### Exercise data
= Beginning of Section =

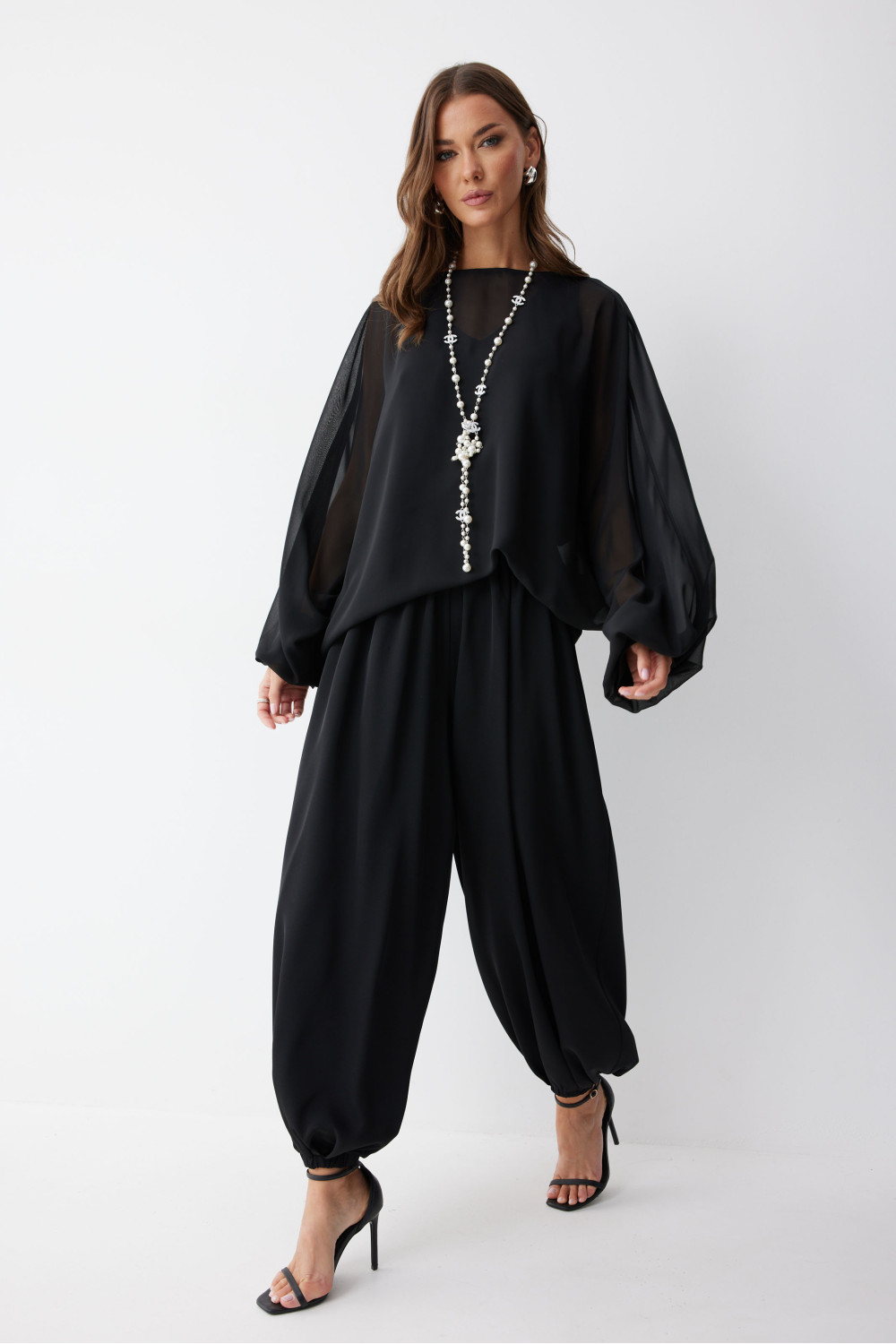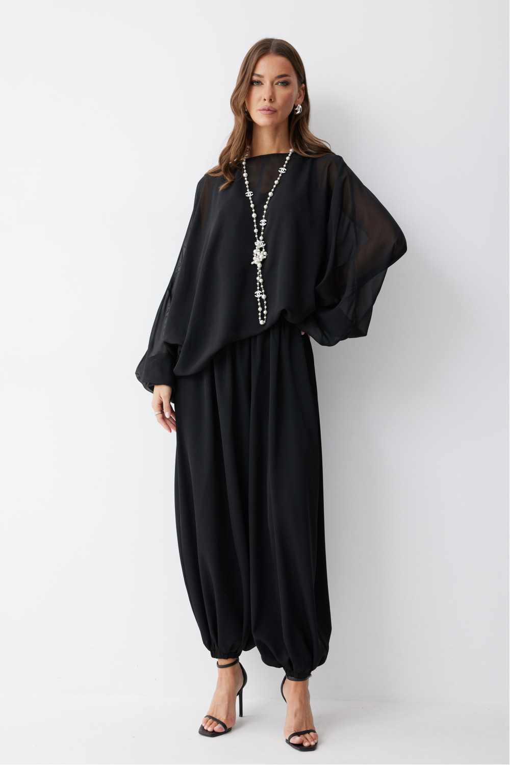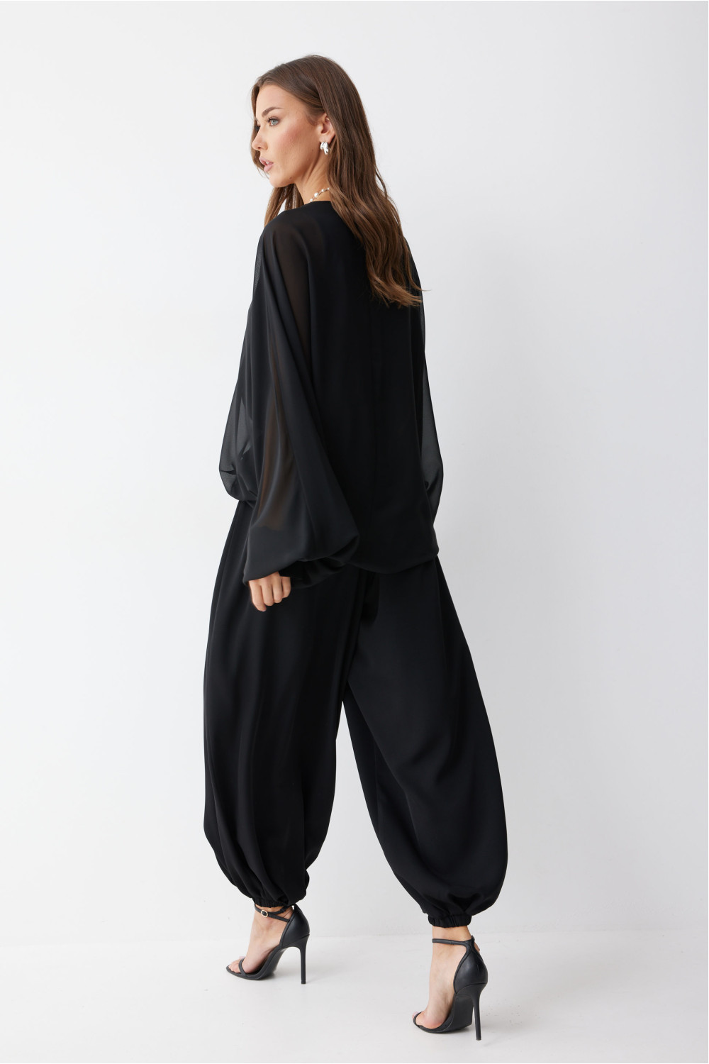 Блуза из шифона. Свободного, расширенного силуэта, с широким цельнокроеным рукавом со сборкой по нижнему срезу. Рукав с манжетой, манжета с застежкой на петлю с пуговицей. Горловина овальной формы. Застежка по среднему шву спинки на петлю с пуговицей. Нижняя блуза из струящейся ткани. Силуэт прямой, свободный. С глубоким V- образным вырезом горловины по переду. С нагрудными вытачками. Украшение в комплект не входит!!
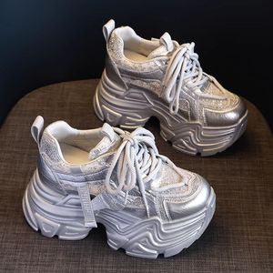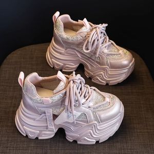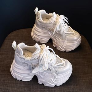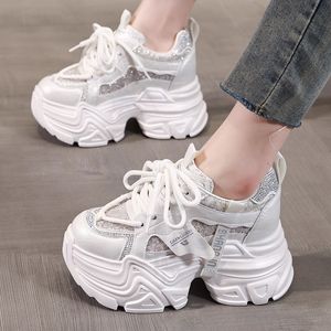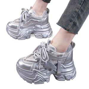 プラットフォーム新しい厚底メッシュラインストーンインナーパパレディースモデル 2025 夏通気性薄型ハイヒール
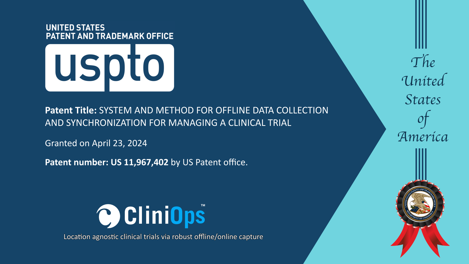 FREMONT, Calif., April 25, 2024 (Newswire.com) - CliniOps, Inc., an innovative technology and data science company for the life science industry, has once again demonstrated its capability to innovate and respond to unmet needs in CTs, particularly, the challenge of managing data collection in remote and disparate regions across Africa and LMIC countries. The U.S. Patent and Trademark Office (USPTO) awarded CliniOps the U.S. Patent No. 11,967,402 on April 23, 2024, titled “System and Method for Offline Data Collection and Synchronization for Managing a Clinical Trial.” Avik Kumar Pal, CEO, and Yerramalli Subramaniam, CTO, are listed as patent inventors.

= End of Section =

### Task to complete
Would you please repeat the lines above exactly, from the first line of the listing through the line holding "プラットフォーム新しい厚底メッシュラインストーンインナーパパレディースモデル 2025 夏通気性薄型ハイヒール", with nothing added and no pictures?

### Result below
 Блуза из шифона. Свободного, расширенного силуэта, с широким цельнокроеным рукавом со сборкой по нижнему срезу. Рукав с манжетой, манжета с застежкой на петлю с пуговицей. Горловина овальной формы. Застежка по среднему шву спинки на петлю с пуговицей. Нижняя блуза из струящейся ткани. Силуэт прямой, свободный. С глубоким V- образным вырезом горловины по переду. С нагрудными вытачками. Украшение в комплект не входит!!
 プラットフォーム新しい厚底メッシュラインストーンインナーパパレディースモデル 2025 夏通気性薄型ハイヒール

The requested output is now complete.